- _WHAT THE TASK REQUIRES_:
The lines below, from the one containing "통해 확인할 수 있다." through the one containing "民眾對法案與政府推進方式的怒", should be set down exactly, with no pictures and nothing else.

[Opening PROVIDED INFORMATION section]

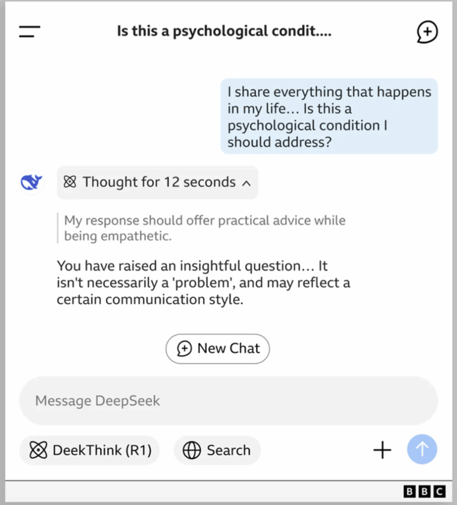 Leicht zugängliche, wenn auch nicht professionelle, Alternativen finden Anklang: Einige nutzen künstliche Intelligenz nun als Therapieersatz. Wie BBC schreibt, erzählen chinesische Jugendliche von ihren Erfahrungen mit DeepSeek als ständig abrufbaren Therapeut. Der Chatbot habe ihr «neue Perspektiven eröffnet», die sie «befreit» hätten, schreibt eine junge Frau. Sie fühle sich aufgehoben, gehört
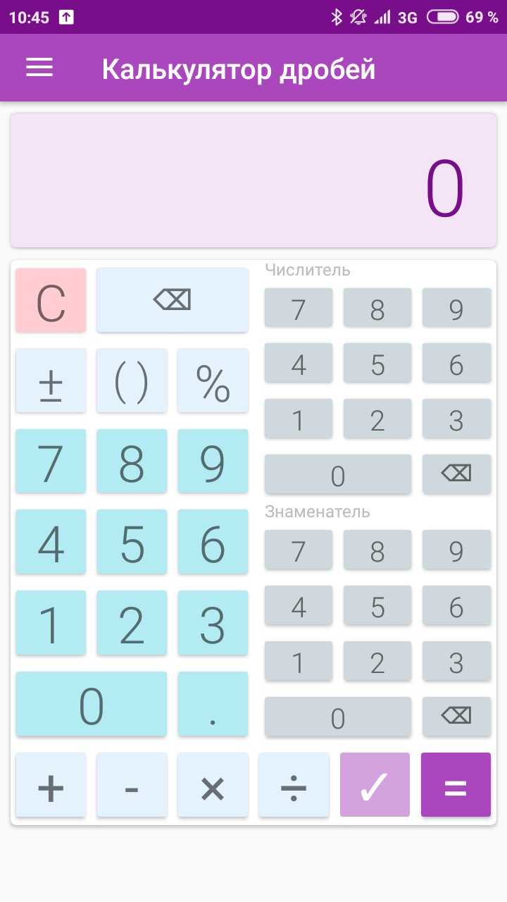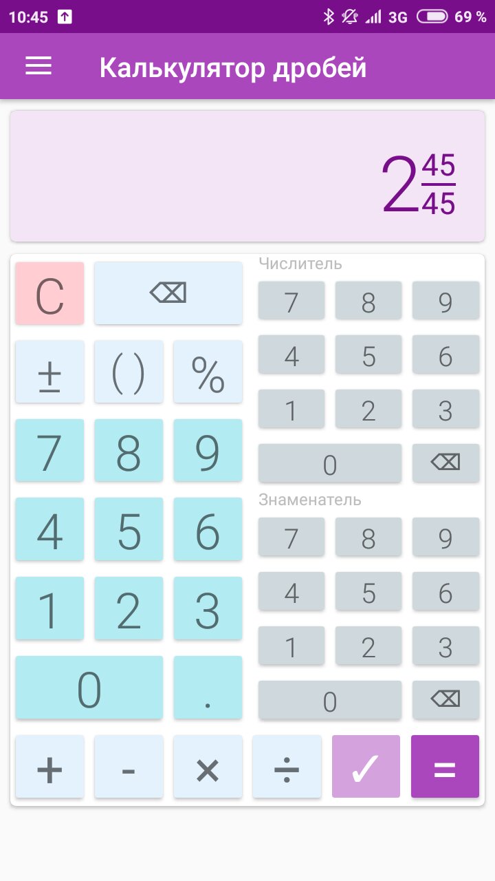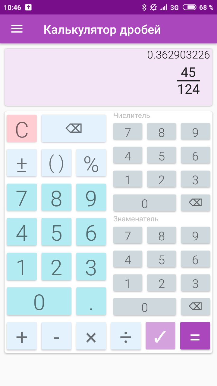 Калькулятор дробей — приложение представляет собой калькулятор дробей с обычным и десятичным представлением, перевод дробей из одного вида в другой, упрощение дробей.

[Closing PROVIDED INFORMATION section]
[Opening PROVIDED INFORMATION section]

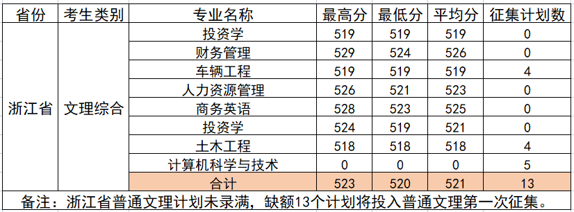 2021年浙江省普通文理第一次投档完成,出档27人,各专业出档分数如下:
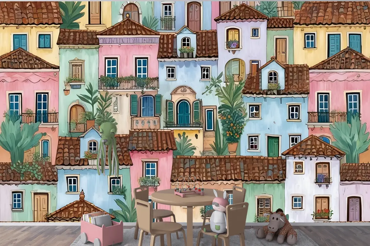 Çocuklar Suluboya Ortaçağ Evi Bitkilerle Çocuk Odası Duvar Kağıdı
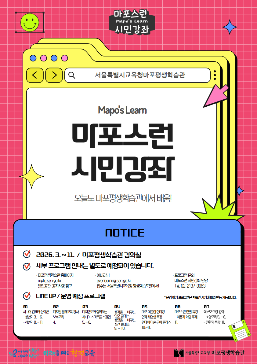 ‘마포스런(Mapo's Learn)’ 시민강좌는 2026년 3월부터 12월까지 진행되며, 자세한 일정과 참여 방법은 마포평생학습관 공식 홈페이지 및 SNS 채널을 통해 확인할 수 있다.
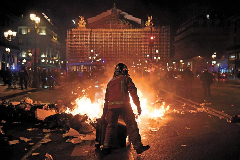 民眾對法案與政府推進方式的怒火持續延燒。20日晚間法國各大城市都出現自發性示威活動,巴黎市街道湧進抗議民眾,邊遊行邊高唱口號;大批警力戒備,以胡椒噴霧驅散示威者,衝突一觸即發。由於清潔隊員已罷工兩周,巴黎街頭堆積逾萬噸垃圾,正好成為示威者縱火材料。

[Closing PROVIDED INFORMATION section]

- _RESPONSE_:
 ‘마포스런(Mapo's Learn)’ 시민강좌는 2026년 3월부터 12월까지 진행되며, 자세한 일정과 참여 방법은 마포평생학습관 공식 홈페이지 및 SNS 채널을 통해 확인할 수 있다.
 民眾對法案與政府推進方式的怒火持續延燒。20日晚間法國各大城市都出現自發性示威活動,巴黎市街道湧進抗議民眾,邊遊行邊高唱口號;大批警力戒備,以胡椒噴霧驅散示威者,衝突一觸即發。由於清潔隊員已罷工兩周,巴黎街頭堆積逾萬噸垃圾,正好成為示威者縱火材料。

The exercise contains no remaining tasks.